Radiolabeled MAB Therapy in Patients With Refractory, Recurrent, or Advanced CNS or Leptomeningeal Cancer

Phase I Study Of Intrathecal Radioimmunotherapy Using I-8H9 For Central Nervous System/Leptomeningeal Neoplasms

The purpose of this study is to test the feasibility and toxicity of administering intrathecal immunotherapy for patients with central nervous system/leptomeningeal (CNS/LM) malignancies.

Study Overview

• Status: Terminated
• Conditions: Sarcoma; Brain and Central Nervous System Tumors; Neuroblastoma
• Intervention / Treatment: Drug: Iodine I 131 MOAB 8H9; Drug: Iodine I 131 MOAB 8H9

Detailed Description

This is a phase I study, where the purpose is to find a safe dose of a new medicine called antibody 8H9. Antibodies are made by the body to fight infections and in some cases, to fight tumors. The antibody 8H9 is made by mice and can attack many kinds of tumors. 8H9 antibody can have a dose of radiation attached to it called 131-I. 131I-8H9 has been given in the vein to patients to find cancer cells. This is the first study using 131I-8H9 in the fluid in the spine to kill cancer cells. 131-I is a beta emitting isotope used extensively for radiation targeted therapies.

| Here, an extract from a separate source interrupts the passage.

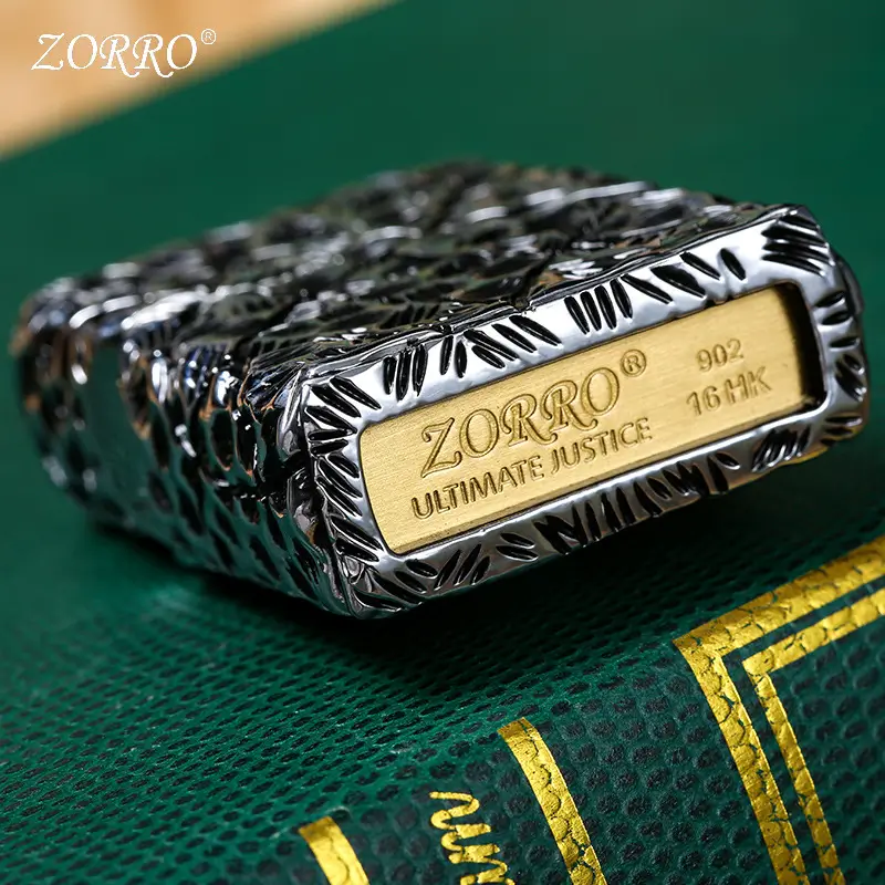 Genuine Zorro 902S model all 5 sides tang grass 3D engraving is made with white copper comes packaged in a gift box. This high quality wind/ water sealed lighter can be used with both butane and kerosene Zorro or Zippo liners. For optimal performance, fill with Zorro or Zippo lighter fuel.

• Study Type: Interventional
• Enrollment (Actual): 177
• Phase: Phase 1

Contacts and Locations

Study Locations

• United States
  • New York
    • New York, New York, United States, 10065
      • Memorial Sloan Kettering Cancer Center

Participation Criteria

Eligibility Criteria

• Ages Eligible for Study: Child; Adult; Older Adult
• Accepts Healthy Volunteers: No

Description

Subject Inclusion Criteria:

• Patients must have a histologically confirmed diagnosis of a malignancy known to be 8H9 reactive. 8H9 expression must be confirmed by immunohistochemical staining of tumor and assessed by the Department of Pathology or by immunofluorescence of bone marrow except for patients confirmed to have neuroblastoma.
• Patients must have CNS/ leptomeningeal disease which is refractory to conventional therapies or for which no conventional therapy exists OR a recurrent brain tumors with a predilection for leptomeningeal dissemination (medulloblastoma, PNET, rhabdoid tumor).
• Patients must have no rapidly progressing or deteriorating neurologic examination.
• Patients must have an absolute neutrophil count (ANC) > 1000/ul and a platelet count > 50,000/ul.
• Patients may have active malignancy outside the central nervous system.
• Both pediatric and adult patients of any age are eligible.
• Patients or a legal guardian will sign an informed consent form approved by the IRB and obtained by the Principal or a Co- Investigator before patient entry. Minors will provide assent.
• Patients with stored stem cells will be treated at the escalating dose while patients with no stem cells will be treated at the 50 mCi dose. Neuroblastoma patients can be treated at the 50 mCi dose with or without stored stem cells.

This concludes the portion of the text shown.